Task to carry out
Reproduce the data below in full and exclude every picture.

Recorded information

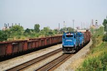 A westbound Conrail freight from Buffalo behind SD50 No. 6740 on the Chicago Line, passing an empty ore train at Cleveland, OH on Aug. 24, 1991. Doug Davidson photo with permission
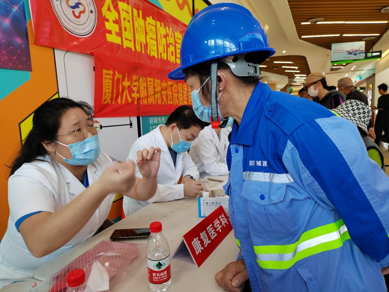 4月15日,我院联合翔安区疾控中心,组织肿瘤科、中医科、康复医学科、肝胆外科、乳腺甲状腺外科、耳鼻咽喉头颈外科、胸外科、感染肝病科及护理部到翔安区闽篮城市广场开展科普义诊活动。
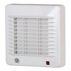 Extrator de banho com caudal de 95 m³/h e nível sonoro de apenas 40 dB, equipado com persiana automática e luz piloto.

Output of the exercise
 A westbound Conrail freight from Buffalo behind SD50 No. 6740 on the Chicago Line, passing an empty ore train at Cleveland, OH on Aug. 24, 1991. Doug Davidson photo with permission
 4月15日,我院联合翔安区疾控中心,组织肿瘤科、中医科、康复医学科、肝胆外科、乳腺甲状腺外科、耳鼻咽喉头颈外科、胸外科、感染肝病科及护理部到翔安区闽篮城市广场开展科普义诊活动。
 Extrator de banho com caudal de 95 m³/h e nível sonoro de apenas 40 dB, equipado com persiana automática e luz piloto.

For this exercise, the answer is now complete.